I've maintained NetworkManager for a while, and routinely use OpenVPN for various things. Pushing nameservers from the openvpn server to the client works as intended, as far as I can tell. If you use the default settings, which I believe are to tunnel everything through the VPN, you will only use the nameservers pushed by your VPN, and if using split tunnelling, you will use any nameservers already defined for you "local" connection, PLUS VPN nameservers.

All this is handled by dnsmasq, and largely depends on what information it is fed. In the case where there are no search domains passed by the VPN server, all we can do is add the nameserver from the VPN as an IP address. In this case, if split tunnelling is enabled, DNS requests may happen on any of the nameservers defined, regardless of whether they come from the ISP, from the VPN, or elsewhere.

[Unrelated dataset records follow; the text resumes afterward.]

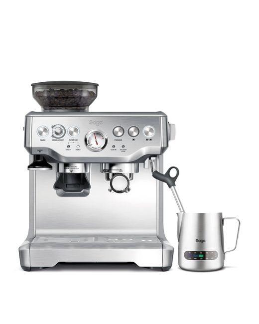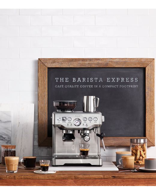 Sage brings professional-grade coffee to the home kitchen with the Barista Express Coffee Machine. Extracting the full flavour of whole coffee beans by grinding them directly into the filter, the process, from bean to coffee, takes less than a minute. Equipped with a Thermacoil heating system and powerful 15 bar pressure system, the machine offers espresso in both single and double shots, and the option to make two cups of coffee at once, while a high power milk frothing arm means you can enjoy a latte, cappuccino or flat white in the comfort of your own home. Well-appointed with a warming tray and self-cleaning feature, everything has been thought of, including the sleek, ergonomic design that will look stylish atop your kitchen counter.
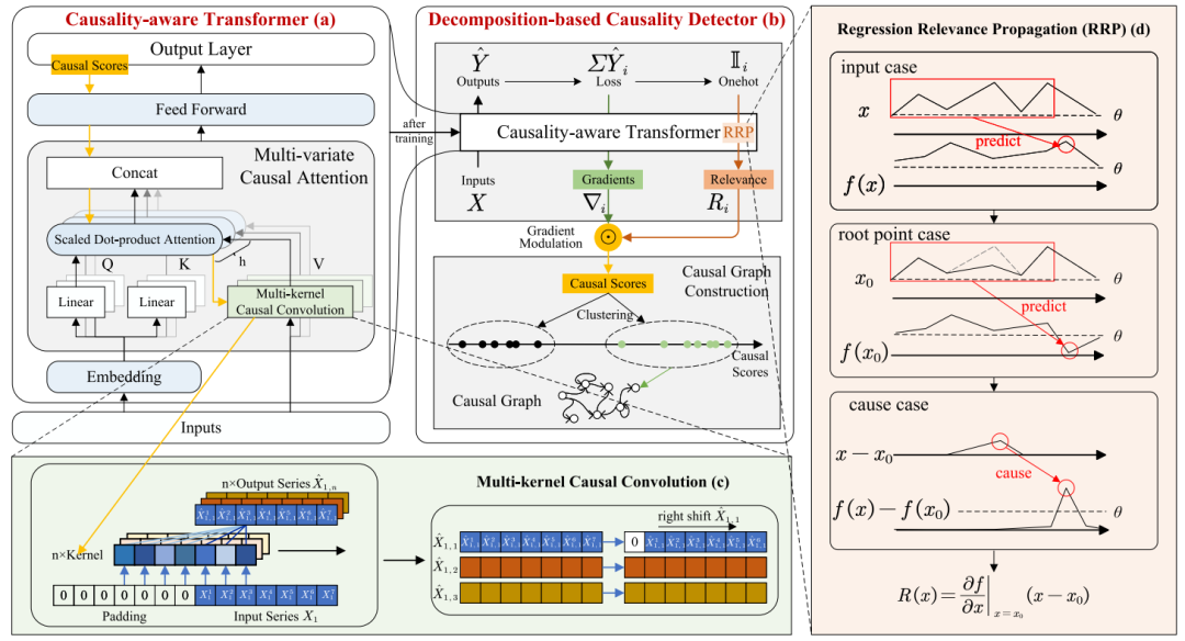 2.这项可解释的因果感知Transformer模型通过多元因果注意力和多核因果卷积学习时序因果关系的表征,基于分解的因果检测器则借助提出的回归相关性传播方法,为回归模型实现基于分解的因果解释。该架构使因果感知Transformer具备完整可解释性,能够计算每个潜在因果关系的因果分数,并构建时序因果图。。
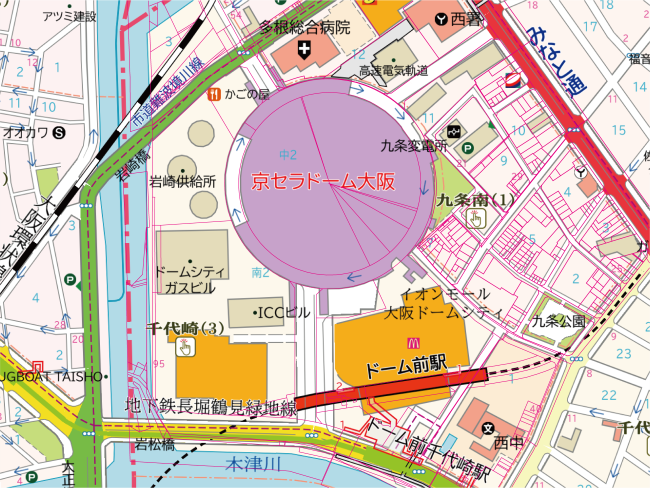 プロ野球チーム「オリックス・バファローズ」の本拠地である京セラドーム大阪は、独特のフォルムをしています。その姿は、まるでUFOを連想させるような、特徴的なデザインです。実は、特徴的なのは建物だけではありません。京セラドーム大阪とその周辺の筆(土地)を俯瞰して見ると、ある形をした面白い筆(土地)になっています。
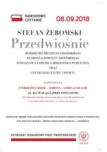 Zapraszamy na Narodowe Czytanie "Przedwiośnia" Stefana Żeromskiego, które odbędzie się 8 września 2018 r. o godz.11:00 - 13:00, Al. Ks. Waląga (przy fontannie) w Pruszczu Gdańskim.
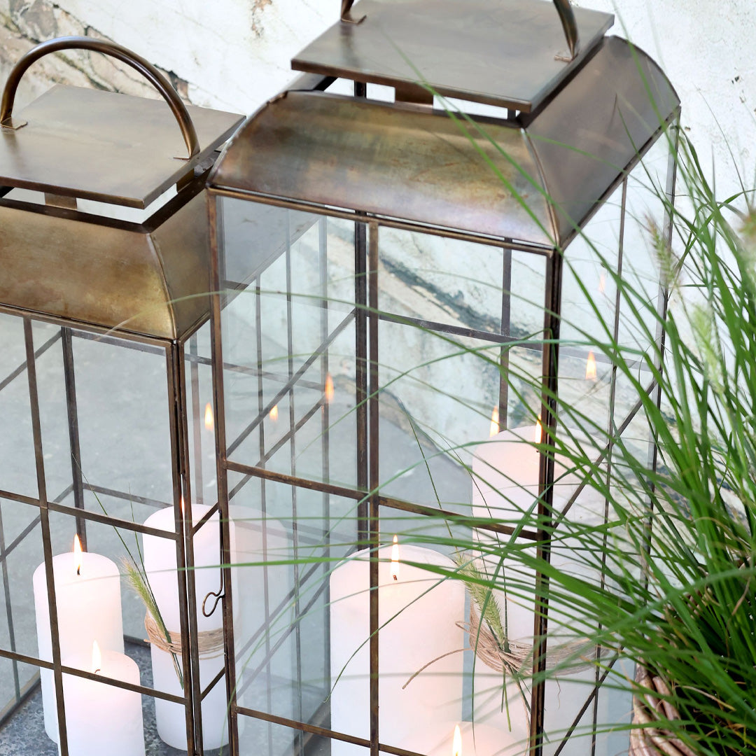 Skab hygge og varme i dit hjem eller på terrassen med denne elegante lanterne med gitterdesign fra Chic Antique. Det klassiske design i antique messing og de store glasflader gør den perfekt til at fremhæve lysets skær – både indendørs og udendørs under tag.
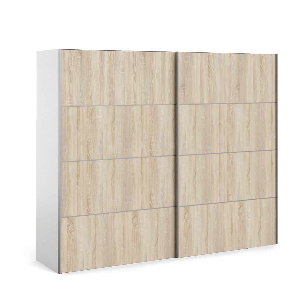 Veto Schuifdeurkast 2 deuren breed 243 cm wit, eiken decor.
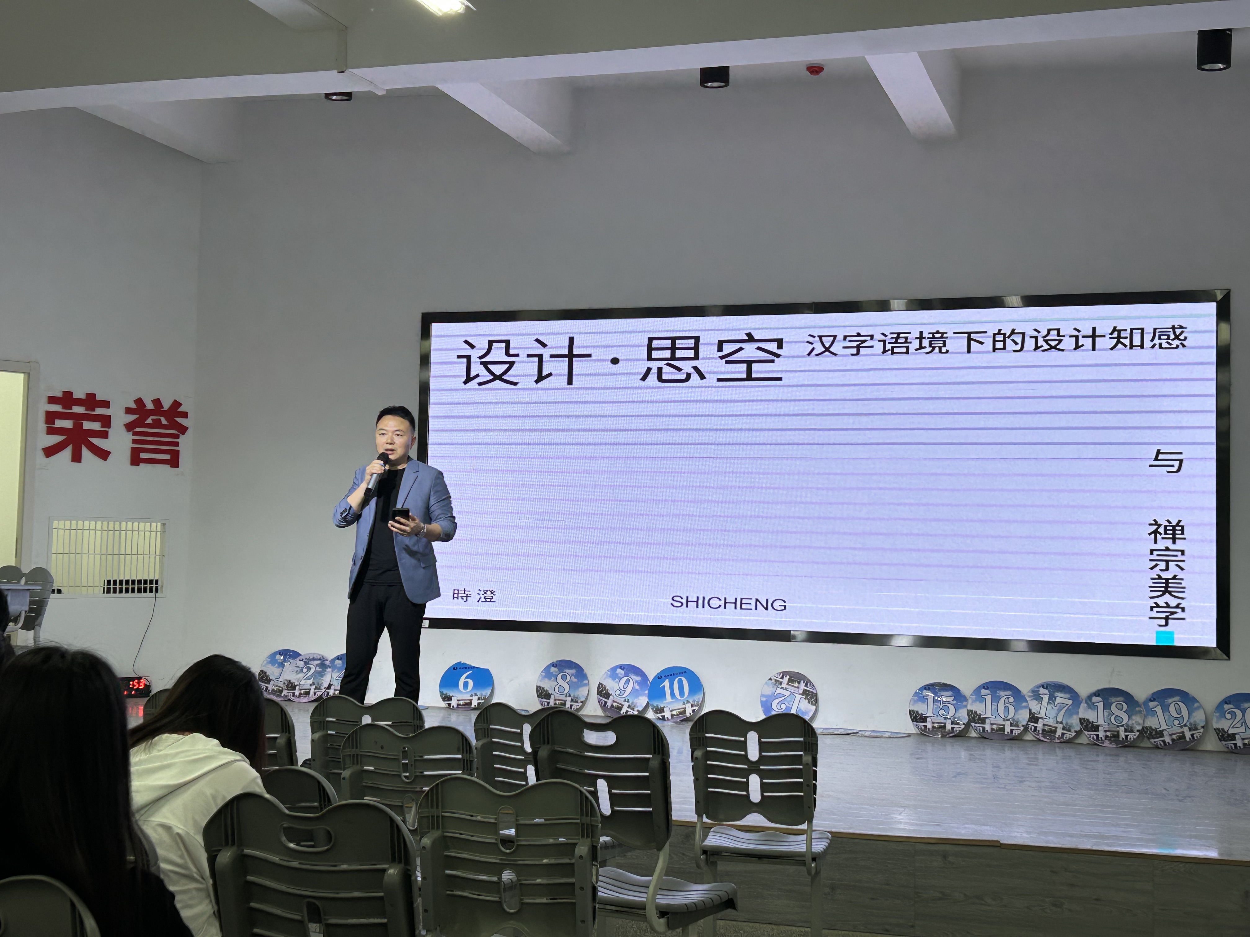 时澄老师首先分享了自己接触美术,成为设计师的历程;在案例展示阶段,他结合自己的作品,从多个角度和维度进行了讲解,不仅向同学们传递了自己设计时的朴素思考,也通过大量案例解析了“如何提高师生技能大赛水平”。

If no split-tunnelling is being done; then the VPN nameserver(s) REPLACES the nameserver otherwise set in dnsmasq. Along with the fact that all the traffic is routed through the VPN, this means all the network traffic will happen over the VPN, including DNS requests.

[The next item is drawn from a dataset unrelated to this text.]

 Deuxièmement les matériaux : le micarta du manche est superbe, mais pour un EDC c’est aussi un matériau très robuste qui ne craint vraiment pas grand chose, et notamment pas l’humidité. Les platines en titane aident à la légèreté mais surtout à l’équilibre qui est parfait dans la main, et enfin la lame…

You can check in NM, under the connection's IPv4 and IPv6 tabs, behind the "Routes.." button, if "Use this connection only for the resources on its network" checkbox is checked. If you want all traffic to go through the VPN, it *MUST NOT* be checked. If you want to use split tunnelling, then it can, but you should configure your VPN to pass search domains along with the nameservers to ensure they are only used on the right domains.

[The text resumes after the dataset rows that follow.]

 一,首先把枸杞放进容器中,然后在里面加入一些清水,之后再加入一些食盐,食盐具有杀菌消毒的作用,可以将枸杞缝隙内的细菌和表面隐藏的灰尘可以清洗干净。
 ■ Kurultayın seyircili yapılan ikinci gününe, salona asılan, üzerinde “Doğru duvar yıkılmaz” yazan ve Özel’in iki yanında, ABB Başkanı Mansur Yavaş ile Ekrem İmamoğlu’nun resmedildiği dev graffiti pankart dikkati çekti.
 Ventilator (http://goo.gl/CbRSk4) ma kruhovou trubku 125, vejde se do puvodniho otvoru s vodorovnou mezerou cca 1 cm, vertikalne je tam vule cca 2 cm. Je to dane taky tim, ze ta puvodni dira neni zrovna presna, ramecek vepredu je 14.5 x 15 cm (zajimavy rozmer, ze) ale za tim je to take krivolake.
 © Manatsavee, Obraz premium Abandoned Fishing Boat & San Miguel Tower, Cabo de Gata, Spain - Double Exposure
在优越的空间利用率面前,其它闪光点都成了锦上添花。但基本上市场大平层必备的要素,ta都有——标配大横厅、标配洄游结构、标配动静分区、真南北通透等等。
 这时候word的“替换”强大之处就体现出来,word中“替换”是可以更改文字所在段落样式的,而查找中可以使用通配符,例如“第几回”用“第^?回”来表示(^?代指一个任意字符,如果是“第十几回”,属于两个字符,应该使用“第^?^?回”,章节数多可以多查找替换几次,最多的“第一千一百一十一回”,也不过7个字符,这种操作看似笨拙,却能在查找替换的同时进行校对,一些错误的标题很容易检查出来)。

Things have been working this way at least for a few releases, probably since Trusty (14.04). Bugs happen here and there of course, but we've been fixing them as they popped up. The important thing here is that they need to be well defined, explained so that we really understand what is the issue you're facing, what kind of VPN you use, and how your system (and more importantly your VPN connection) is configured.

Setting up VPNs correctly typically requires a fair amount of understanding of how networks work in general, along with the extra knowledge of what VPNs do exactly. If you're not the person who configured the VPN servers, it's *much* better to ask them to file a bug here to explain the issue in as much detail as possible, and including any non-security-sensitive details about the VPN setup as they can.

Additionally, we've done a "minor" fix in 16.10 (the development release) to avoid leaking search domains (see https://launchpad.net/ubuntu/+source/network-manager/1.2.2-0ubuntu4). If you feel like you've been seeing this, you may want to try out Ubuntu using a live CD to see if the fix provided helps with your particular setup.

Finally; from the looks of things and from my experience with these kinds of bugs, there are far too many comments on this bug for everyone to be having the exact same issue, considering things appear to largely work correctly to me. What this means is that many of the commenters here are actually seeing quite different issues; maybe related to VPN, maybe not -- any bugs can be fixed, but they need to be isolated correctly...

In other words, if you think you are seeing this bug here, and that the description and comments above look like a problem you've been having, then please file a new bug report, just for you (or have your VPN administrator do it), with as much information as possible about the issue, and we'll look at them individually. It's easier to mark bugs as duplicates later if they really are the same than to split them up when there are tons of me-toos.

In the meantime, I'm setting this bug as Incomplete; there currently isn't enough information to know what has been happening exactly; and I'd rather see individual good bug reports than risk ignoring one genuine problem among a sea of comments.